Hawkinson insists that draft decisions can be deemed final even without a signature, but this is his opinion rather than EOIR policy.
Next, Hawkinson argues that the two databases available to conduct the searches he requested are problematic because of the way documents are scanned and OCR is performed. (#25 at 11-14.) Even if defendant's scanning system and the OCR technology in general may be error-prone, “FOIA contains no requirement that the government maintain its files in a particular way so as to facilitate such a search.” Oleskey, 658 F.Supp.2d at 297. In addition, “[p]erfection is not the standard by which the reasonableness of a FOIA search is measured.” Id. at 298 (quoting Judicial Watch v. Rossotti, 285 F.Supp.2d 17, 26 (D.D.C. 2003)).
Finally, Hawkinson takes issue with defendant's perceived inability to explain why the missing document was not identified through the searches defendant performed when the document was clearly responsive. (#25 at 17.) As O'Hara noted in her affidavit, EOIR has a policy of not responding to document requests about particular individuals absent a requestor providing verification of identity for that individual. (#24-1 ¶¶ 9, 16, 20.) This same verification is required for targeted searches, which is in essence what Hawkinson was asking EOIR to perform in order to locate the missing document and explain its omission. (#24-5 at 2 (copy of email correspondence between Hawkinson and O'Hara, in which he asked about a decision concerning a named individual).) In any case, the First Circuit has determined that, “[c]ritically, . . . in assessing the adequacy of a search, ‘[t]he crucial issue is not whether relevant documents might exist, but whether the agency's search was reasonably calculated to discover the requested documents.'” Am. C.L. Union of Massachusetts, Inc., 448 F.Supp.3d at 42-43 (quoting Maynard, 986 F.2d at 559); see Nation Magazine, Wash. Bureau v. U.S. Customs Serv., 71 F.3d 885, 892 n.7 (D.C. Cir. 1995) (stating that an agency's “failure to turn up [a] document does not alone render the search inadequate; there is no requirement that an agency produce all responsive documents”).

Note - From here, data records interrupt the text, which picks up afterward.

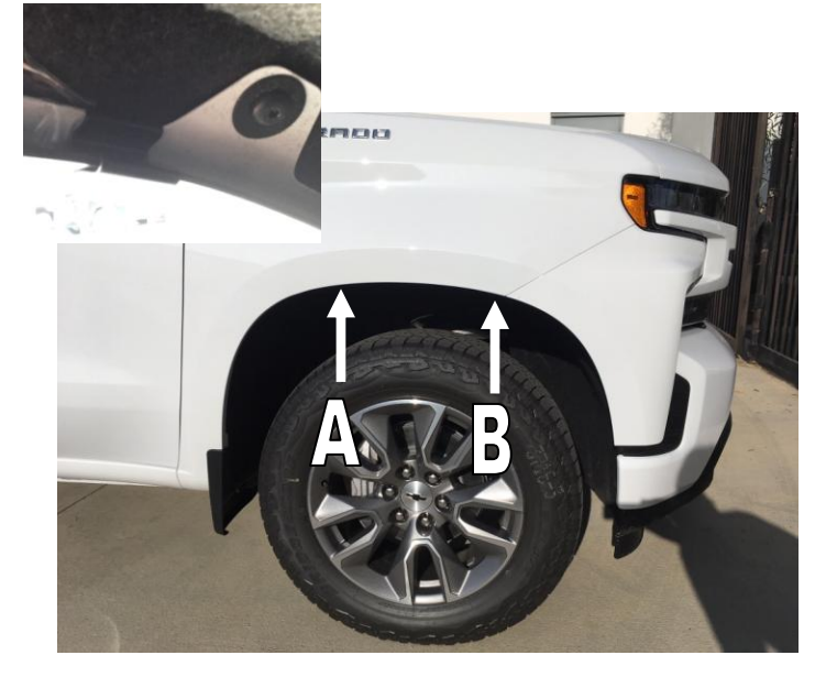
STEP 6: Place Fender Flare on the vehicle into the position of best fit. Note where the slots in Fender Flare at positions A , B and vehicle wheel arch. Remove Fender Flare. Place the small abrasive resistant tapes over the fender lip at the noted posistions A , B . Slide the large clips over the inner fender pannel at the noted A , B positions, ensure the hook on the back of the clip engages over the fender lip.

STEP 5: For models <u>with front</u> factory mud guards, remove using #15 Torx head screwdriver at the upper and lower screw locations from the front factory mudguards and M10 socket at the underside location indicated above, maintain #15 Torx head screws for re-install . Retain factory mudguards for later use if required, fender flares require the mud guards to be removed.
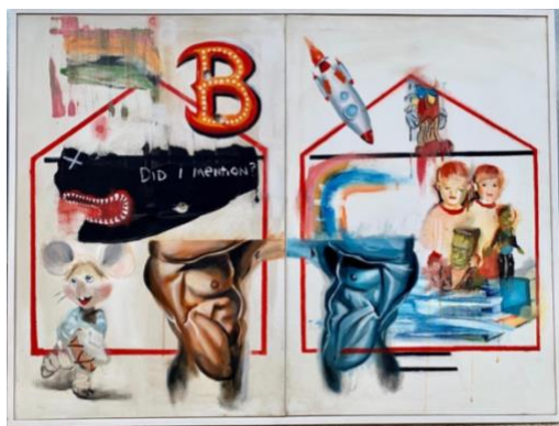
Bastards, 2015, 95 x 125cm $35,000
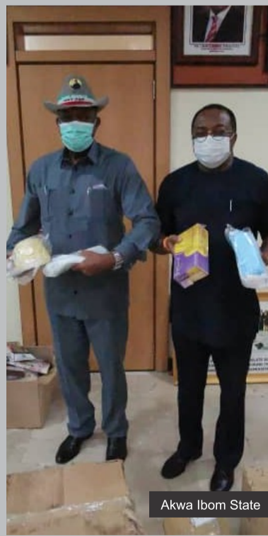
Akwa Ibom State
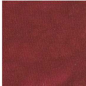
BORDER (INNER) & BINDING
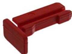
SWAG 10 94 4204

The oil level in an auto gearbox should be checked after an oil change or if there is a suspected leak. No dipstick is provided for the gearbox at the factory.
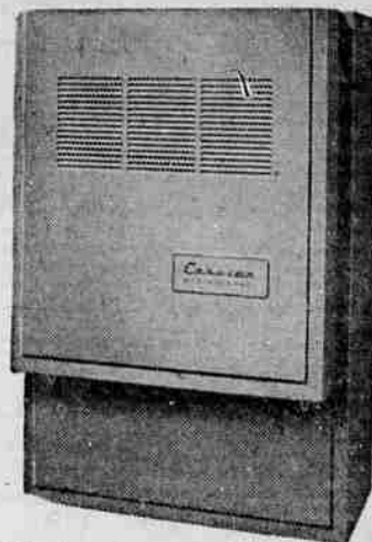
Five feet high, three feet square, this Weathermaker will air condition every room in the average five or six room house.

Carrier Weathermaker air conditioners will heat and cool both new and old homes
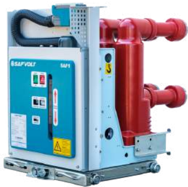
3.3kV - 12kV VCB
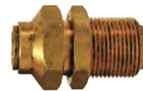
tube to male thread
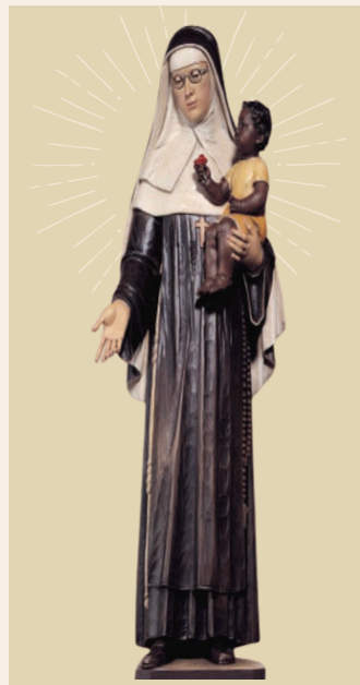
ST KATHERINE DREXEL

Dark dress with a shawl or veil, small cross, map or globe for her missionary work.
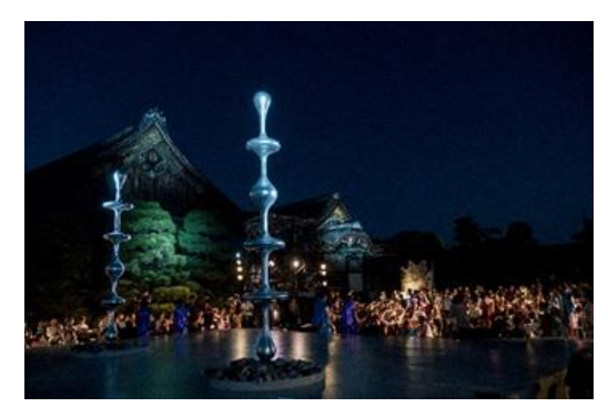
Tokyo Caravan in Kyoto (2017)

Continuous interaction across countries and regions has created a cultural platform beyond the Tokyo 2020 Games.
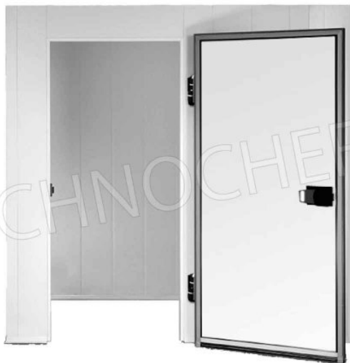
SU RICHIESTA: CELLA SENZA PAVIMENTO

Ultimately, “[t]he omission of a single document in this case does not negate what [was] otherwise a reasonable inquiry.” Stalcup, 768 F.3d at 75. Hawkinson has failed to rebut the presumption that defendant's search was reasonable and made in good faith. See id. at 74.
V. Conclusion and Order.
For the reasons stated, Defendant's Motion for Summary Judgment (#23) is GRANTED and Plaintiff's Cross-Motion for Summary Judgment (#25) is DENIED. Judgment shall enter for EOIR.